Source data -

____

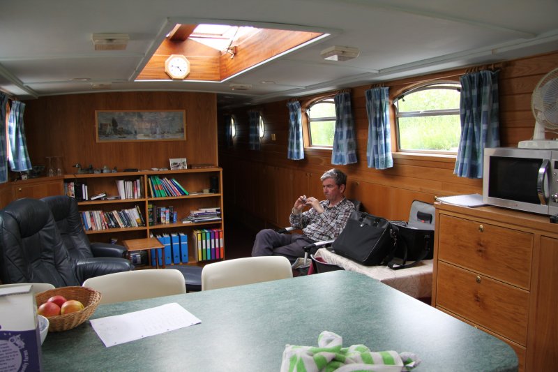09:15 departure from Corbehem, we dropped off the zapper at Corchelettes Lock and then entered the lock and proceeded back to Douai. There was a bit of confusion above Douai Locks, we had to hang about. Interesting to note that the drained lock was now back working and the other lock was drained and being worked on! So back at the moorings at 11:20, after passing a very long queue of commercials, waiting for the, now single, Douai Lock. After summoning one of the moorers at the moorings, who moved a small cruiser out of the way, we got Final Fling back on its inside mooring. Not long after making the Final Fling "bridge" out to the other moored boats, Colin Stone arrived (barge KEI) and we had a brief chat about the VAT and TRIWV debacles. JW arrived that afternoon with a new contactor for the bowthruster, Neil was ready for it and it was soon on. That night it was popular choice to go back to the "Neuf Dragons" Chinoise.
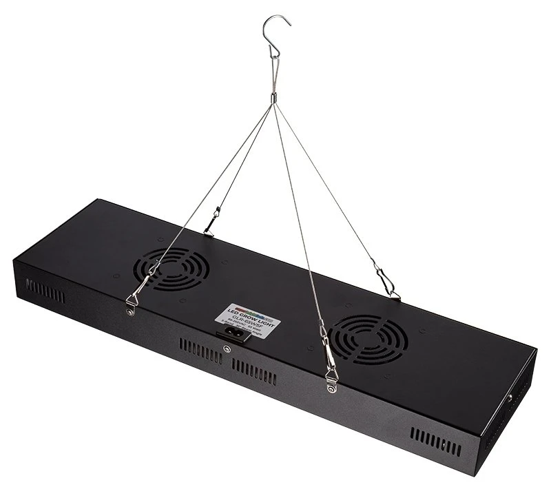 This full-spectrum LED grow light emits the perfect combination of red, blue, white, ultraviolet, and infrared light for veg and bloom plant growth. The 65-watt indoor grow light has a PAR/PPFD value of 165 μmol/m2/s. It uses significantly less energy than HPS alternatives and is designed to last 35,000 hours. Cool-running LEDs and built-in fans eliminate the need for ducting and reduce the chance of leaf damage/bleaching. The grow light is constructed of durable aluminum. It’s equipped with a power cord and comes with a 1′ hanging kit. Use this LED fixture for a range of plants and applications, including legal marijuana, horticulture lighting, indoor gardening, hydroponics, and greenhouses.
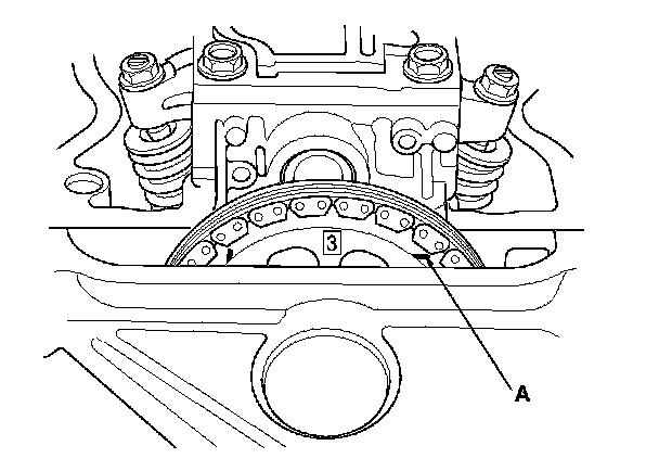 7. Rotate the crankshaft clockwise. Align the No. 3 piston TDC groove (A) on the camshaft sprocket with the top edge of the head.
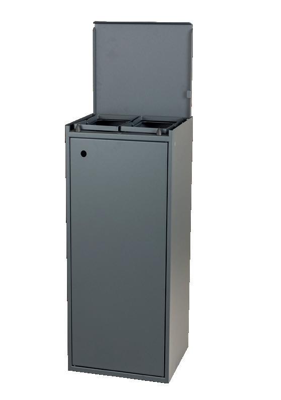 Denne vogn hører under kategorien Ergo Slimline. Til vognen medfølger 2 stk. 6 ltr. spand, samt skrå 60 ltr. affaldsstativ. Desuden medfølger også redskabsholder. Bundpladen kan med fordel bruges til evt. småopbevaring.

____

Problem - Only the lines from the one containing "7. Rotate the" through the final line of the data are to be written out, exactly as they stand and without pictures.

Reply -
 7. Rotate the crankshaft clockwise. Align the No. 3 piston TDC groove (A) on the camshaft sprocket with the top edge of the head.
 Denne vogn hører under kategorien Ergo Slimline. Til vognen medfølger 2 stk. 6 ltr. spand, samt skrå 60 ltr. affaldsstativ. Desuden medfølger også redskabsholder. Bundpladen kan med fordel bruges til evt. småopbevaring.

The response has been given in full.